The Titan

[3 stars]

Back in 1976 Frederik Pohl wrote the classic Man Plus.  Though unacknowledged (perhaps even unaware), The Titan leans heavily on this earlier tale. But while the film is engaging for the majority of the story, it ultimately loses its thread. So, if you like the idea, read Man Plus for a better sense of follow-through and completeness. But that is the fault of the script, not the cast who try to elevate the results admirably.

Sam Worthington (Hacksaw Ridge) is certainly the focus of a lot of the movie, but this is really more Taylor Schilling’s (Orange is the New Black) story. Add in Noah Jupe (A Quiet Place) and you have a nice atomic family from which to fission. The family also get some solid time to set up their relationships before the inevitable.

A couple of other performances worth calling out are Nathalie Emmanuel (Maze Runner: The Scorch Trials) and Diego Boneta (Before I Fall) as additional volunteers for the experiments. Neither gets to fully realize their stories, but each tries to fill out their characters with more than your usual depth for this kind of film.

Running the program are Tom Wilkinson (Denial) and Agyness Deyn (Hard Sun).Both try to overcome their weak scripts, but only so much could be done.
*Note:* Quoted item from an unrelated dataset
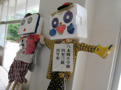 4年生が作ってくれた案山子が、5年生が田植えをしてくれた田んぼを守り始めました。また、イトーヨーカドーさんのご厚意で、今年も入口付近に展示させていただいています。ぜひ、買い物がてらご覧ください。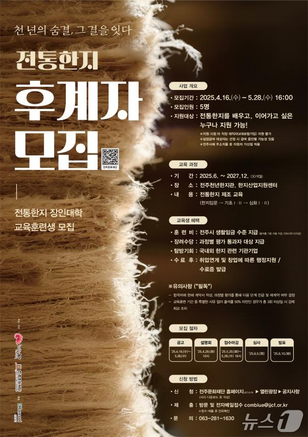 전통한지장인대학 교육훈련생 공개 모집…5명 선발해 지원전북자치도 전주시와 (재)전주문화재단이 전통한지 장인대학 교육훈련생을 공개 모집한다./뉴스1관련 키워드전주시전통한지 후계자 모집임충식 기자 전주 배 올해 첫 수출길…베트남 전역에 공급전주야구장·실내체육관 2027년 준공…우범기 시장 "속도 낼 것"

Wilkinson especially gets short-shrift thanks to the clumsy final third of the story. Up till then he was a driven man, trying to do well by humanity against horrible odds and near-despicable means. But he ends up being devolved into a pointless villain.
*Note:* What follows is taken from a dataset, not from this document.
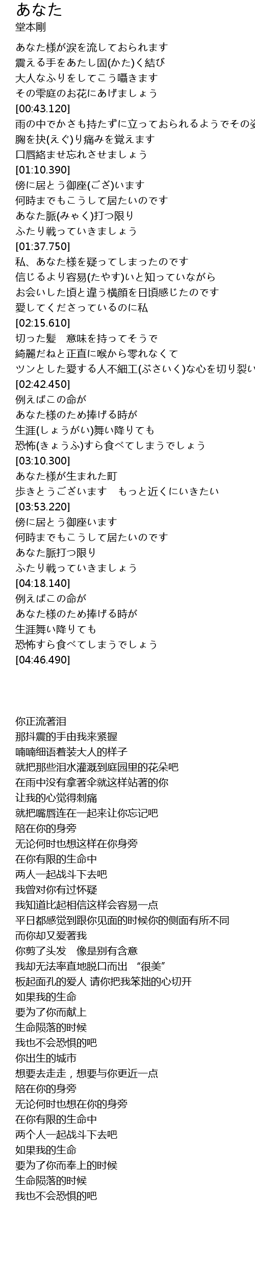 | [02:31.520] | ツンとした愛する人不細工(ぶさいく)な心を切り裂いてください |

For a first feature, Lennart Ruff does a good job focusing the story on his initial intent: what do these changes mean to Worthington and his family. There are some clever visuals and nice moments to establish the story and the relationships, even if the production design feels off for the world he created and the science is, at best, wishful and often absurd. However, despite the nice emotional arc that Ruff builds, the last third of the film devolves into truly bad sf and action/horror. Also, the ending is forced, confusing, and unsatisfying thanks to losing track of their original point for the plot.
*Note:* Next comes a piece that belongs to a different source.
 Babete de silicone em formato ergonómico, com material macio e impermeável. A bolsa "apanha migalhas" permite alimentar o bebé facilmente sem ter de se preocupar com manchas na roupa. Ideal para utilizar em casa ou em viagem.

However, more important to recognize is that the film feels more like a book than a movie, especially in its pacing. I can enjoy that when it is done well, but this just felt like a clumsy but true adaptation, though again no acknowledgement of a prior work was made. This flick really did need to be more of a movie.

I will admit that I thought I knew where they would go, which may have been a bit derivative as well, but would have been more satisfying and more on point for the purpose of the Titan project. But I was wrong, for better or worse.

If you like near-term science fiction (even though this defies the likely possibilities) give this a shot. The effort is there even if the control isn’t. How you react to the finale will depend a lot on your own likes and dislikes. It certainly isn’t off from a lot out there, but it had real potential to exceed the common drivel and squandered it.